**Exercise brief:** Within the records below, find the line with "西日暮里駅前地区再開発の事業費と財源内訳" and the line with "Et Elsdyr, som", then reproduce exactly those two lines and all lines between them, without any picture.

**Data in this exercise:**

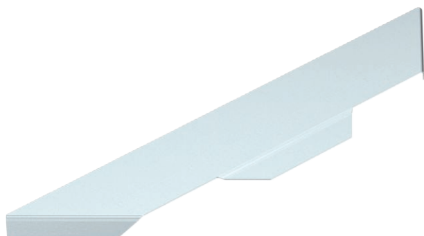
Крышка для Т-образного/крестового соединения
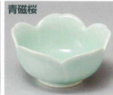
青磁桜 12007-031 小付 560円 (8.7×4cm) 12008-031 小鉢 850円 (11×5.4cm)
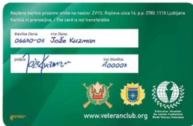
Kartica ugodnosti - 2. stran
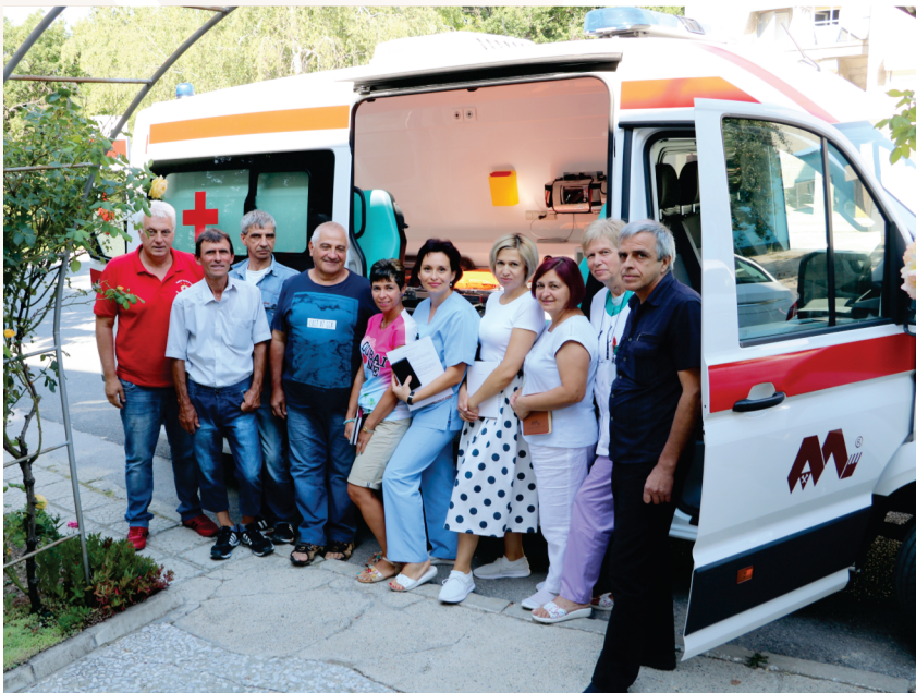
Екипът на Здравна служба „Асарел“ заедно с шофьорите на линейки

Денят на колегите е наситен с големи предизвикателства. При тях работата не е планирана и няма строго модифицирана рамка. „Даваме всичко от себе си! Всички ни
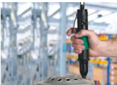
DL-Schrauber mit geradem Griff
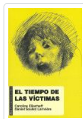
TIEMPO DE LAS VICTIMAS ELIACHEFF, CAROLINE
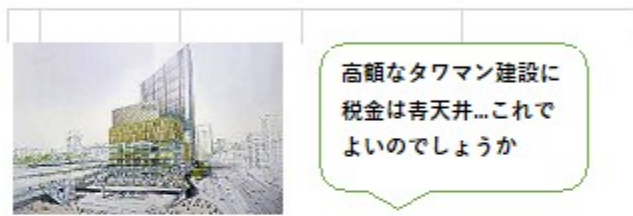
西日暮里駅前地区再開発の事業費と財源内訳

ビルの建設、保留床の処分を行うデベロッパー「土地や街の開発大手事業者」は、この再開発で商業床が売れなくても責任なし。建てて売って、大きな利益をあげます。
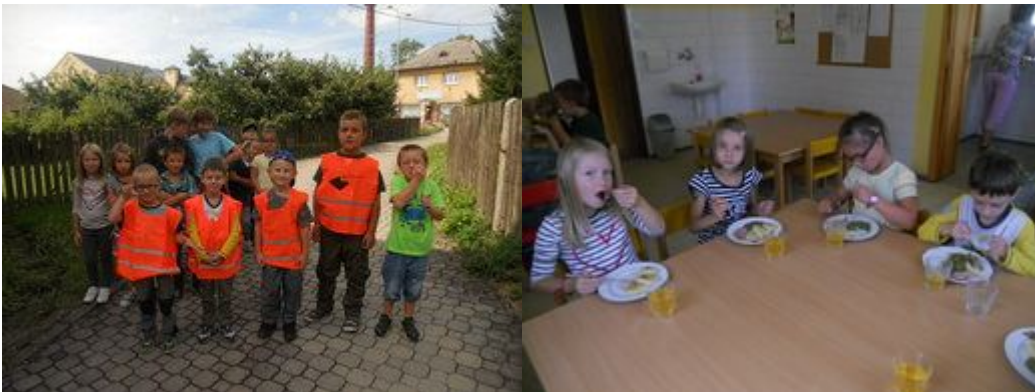
Školní rok byl slavnostně zahájen 1.zářím - ve společnosti rodičů a dalších hostů jsme přivítali osm prvňáčků.
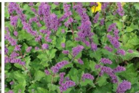
Quirlblütiger Salbei - Salvia verticillata 'Purple Rain'
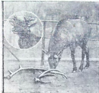
Et Elsdyr, som har mistet sine Takker I. Cirklen ses de nye at bryde frem.

Pas er baade Sommer og Vinter besøgt af mange Vejfarende. En Gang har et Uvejr endog holdt over 1000 Gæster fængslet til Klosteret i flere Dage mod det Resultat at Forraadskamrene blev aldeles udtømte.
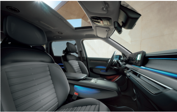
LAUNCH EARTH Fekete - Grafit (RBQ)
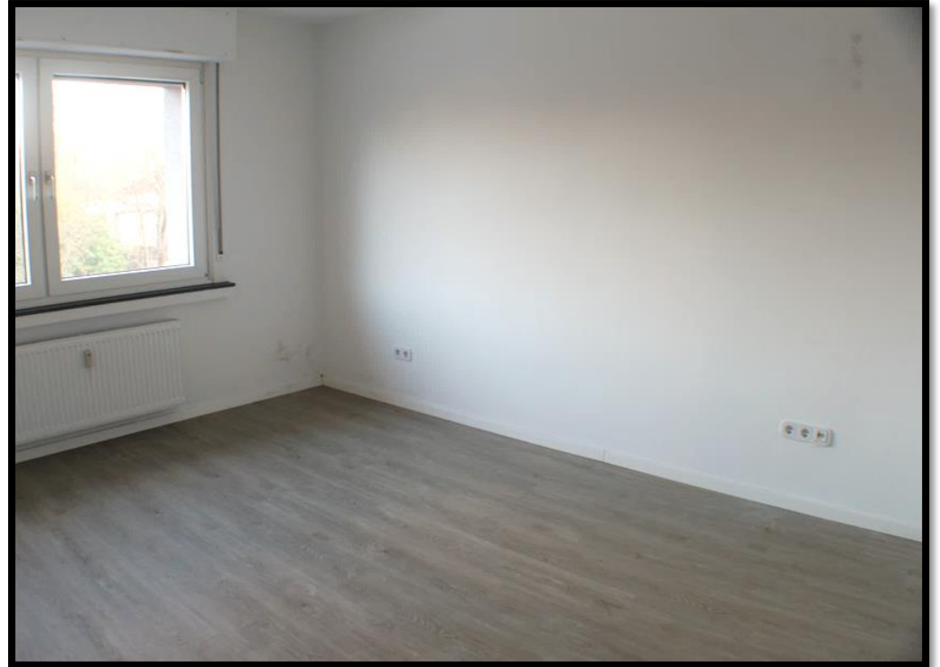
Diele und Schlafzimmer
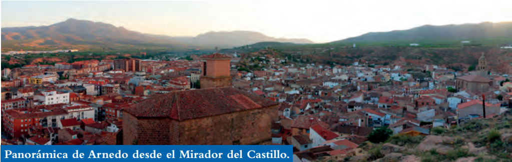
Panorámica de Arnedo desde el Mirador del Castillo.

cientos de cuevas que nuestros antepasados han excavado a lo largo de los siglos, utilizando herramientas muy simples: picos, palas, punteros, cedazos.... construcciones que se encuentran en muchos lugares de La Rioja, pero que en Arnedo ha adquirido, una mayor dimensión y complejidad.
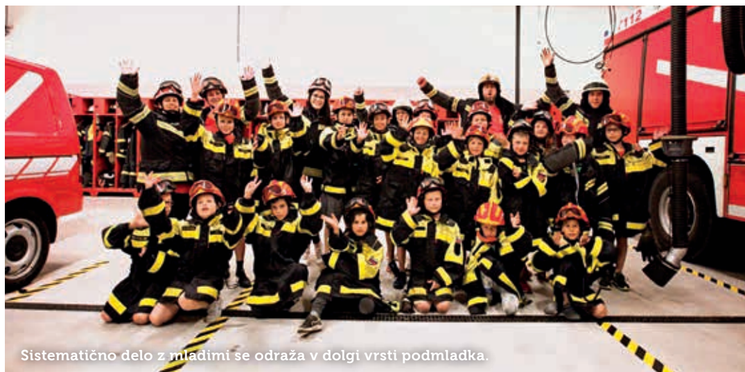
Sistematično delo z mladimi se odraža v dolgi vrsti podmladka.

Letos spomladi, po izboljšanju epidemioloških razmer, so mladi gasilci po daljšem premoru začeli z rednimi gasilskimi vajami. V juliju, času šolskih počitnic, so na veliko veselje mladincev uspešno izpeljali 2. mladinski gasilski tabor PGD Postojna. Udeležilo se ga je 23 otrok, od tega 12 pionirjev in 11 mladincev. Tridnevni tabor konec tedna je vključeval vse, kar nadobudni mladi gasilci potrebujejo. V izobraževalnem programu so se preizkusili v uporabi razpiral in škarij za rezanje zveržene pločevine, se v polni gasilski opremljeni udeležili nočne simulacije za primer intervencije požara na avtomobilu, si ogledali gasilski film in se udeležili kviza. Zabavnejši del so predstavljali kopanje v bazenu na dvorišču gasilskega doma, plezanje med krošnjami Pustolovskega parka v Postojni in obisk okoliške kmetije.
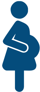
GESTANTES E LACTANTES
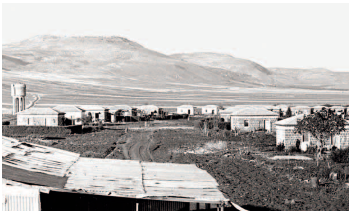
תמונה 6: בתי הבזלת בכפר חיטים על רקע קרני חיטין, 1945, Picture 6: The basalt stone houses with the Horns of Hattin in the background.
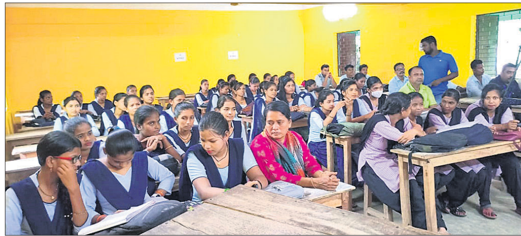
ଜଗତ୍ସିଂହପୁର ଜିଲ୍ଲା ନାଉରୀ ହାଟ ଶ୍ରୀଜଗନ୍ନାଥ ମହାବିଦ୍ୟାଳୟରେ ମଙ୍ଗଳବାର ଧରିତ୍ରୀର ୫୦ ବର୍ଷ ପାଳନ ଅବସରରେ ଆୟୋଜିତ ବକ୍ତୃତା ପ୍ରତିଯୋଗିତାରେ ଅତିଥି ଓ ବିଚାରକ (ବାମ) । ପ୍ରତିଯୋଗିତାରେ ଉପସ୍ଥିତ ଛାତ୍ରାଛାତ୍ରୀ ।
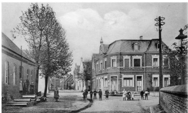
372. Dieses Bild zeigt einen Blick auf das Haus Wähningum 1912. In dem Gebäude war Jahre lang ein Kolonialwarengeschäft untergebracht. Hinter der Mauer rechts zweigt die Bachstraße in Richtung Krankenhaus ab. Links liegt die Holzhandlung Borgers.
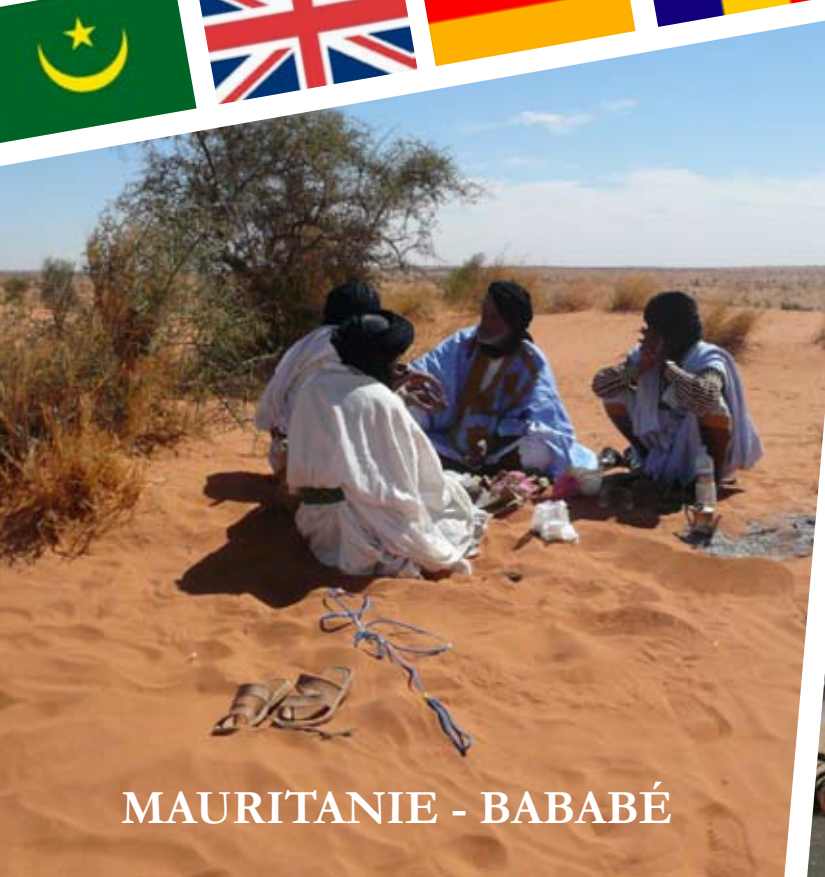
MAURITANIE - BABABÉ
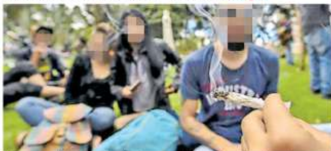
El consumo de drogas entre los jóvenes se incrementa en Zacatecas.

Los representantes populares, también pidieron a las autoridades educativas reintegrar a las alumnas a sus actividades escolares, ya que luego de divulgarse su conducta en redes sociales, la dirección de la escuela las castigó suspendiéndolas durante un año. Pág. 9
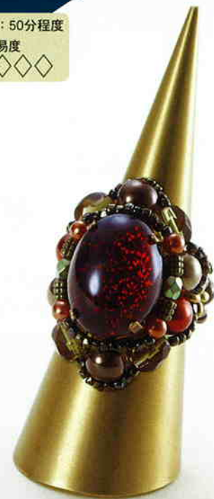
ガラスカボッションの パールリング 税込価格1,470円(本体価格1,400円) サイズ：9～13号 4964291-371484
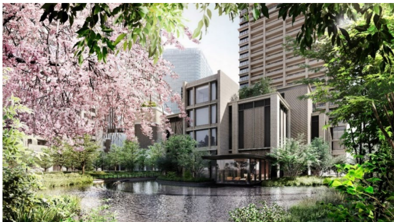
自然と共生する緑と水の外構 イメージ

当レジデンスに住まう方々に対し、安全・安心や快適性、そして環境性能を追求した高い付加価値を提供することにより、一層の質の高い暮らしを実現します。
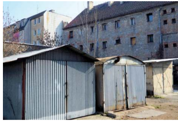
Blasowane garaże koło „belwederu”

„Belweder” to potoczna, ironiczna nazwa dawnego aresztu, który powstał pod koniec dziewiętnastego wieku. Do dziś kojarzony
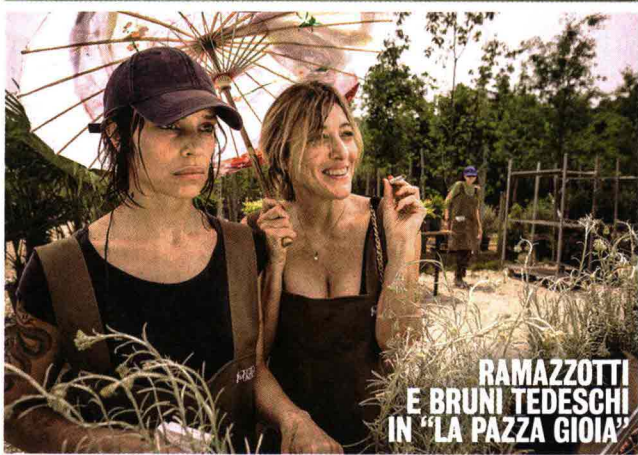
RAMAZZOTTI E BRUNI TEDESCHI IN "LA PAZZA GIOIA"
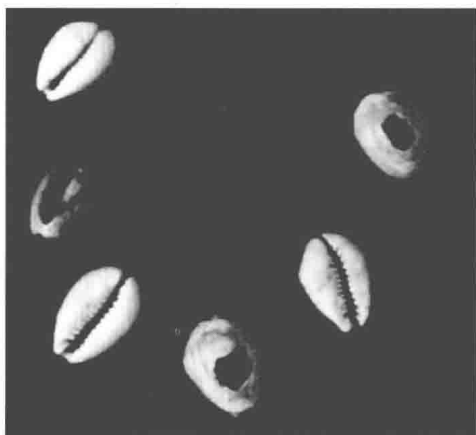
图1-5 环纹货贝·马厂型

首先发现于青海民和县马厂塬而得名，持续时间为公元前2330~公元前2055年。马厂型是继半山型之后发展的另一种艺术风格的彩陶。色彩还是以黑、红两色为主，也有单用黑色的，同时马厂型在装饰上又有一种新的创造，就是以两条红色线和镶一条黑线的画法，使花纹呈现浮雕感。特点是先施红白陶衣，纹饰的母题有圆圈网格纹、螺旋纹、菱形纹、回纹、连弧纹、人形纹等，而以人形纹最为流行，人形纹在学术界称为蛙纹、谷神纹。早期的人形纹有头、身、双手和双足，手和足还有五指，双手伸举，屈腿直立。中期的人形纹头部消失，只留躯干，肢体增多。晚期则仅留爪指或变成三角折线纹，人形纹的变化大体是从繁到简，不断的样式化和符号化。马厂型彩陶壶早期较矮肥，以后逐渐变瘦，颈部加长，单把直筒杯，造型别致。纹饰粗的较粗，细的
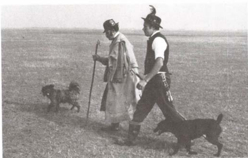
Az angyalházi legelőn, Hajdúszoboszló határában (1983)
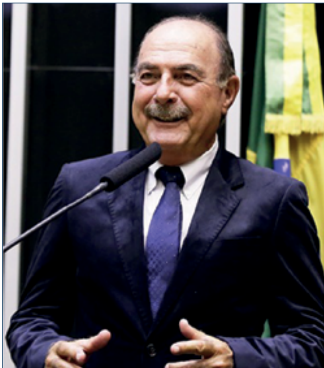
Deputado Federal Zacharias Calil (UB)

Verba será utilizada para custeio e manutenção da universidade e do Hospital das Clínicas

**Solution to the exercise:**
西日暮里駅前地区再開発の事業費と財源内訳

ビルの建設、保留床の処分を行うデベロッパー「土地や街の開発大手事業者」は、この再開発で商業床が売れなくても責任なし。建てて売って、大きな利益をあげます。
Školní rok byl slavnostně zahájen 1.zářím - ve společnosti rodičů a dalších hostů jsme přivítali osm prvňáčků.
Quirlblütiger Salbei - Salvia verticillata 'Purple Rain'
Et Elsdyr, som har mistet sine Takker I. Cirklen ses de nye at bryde frem.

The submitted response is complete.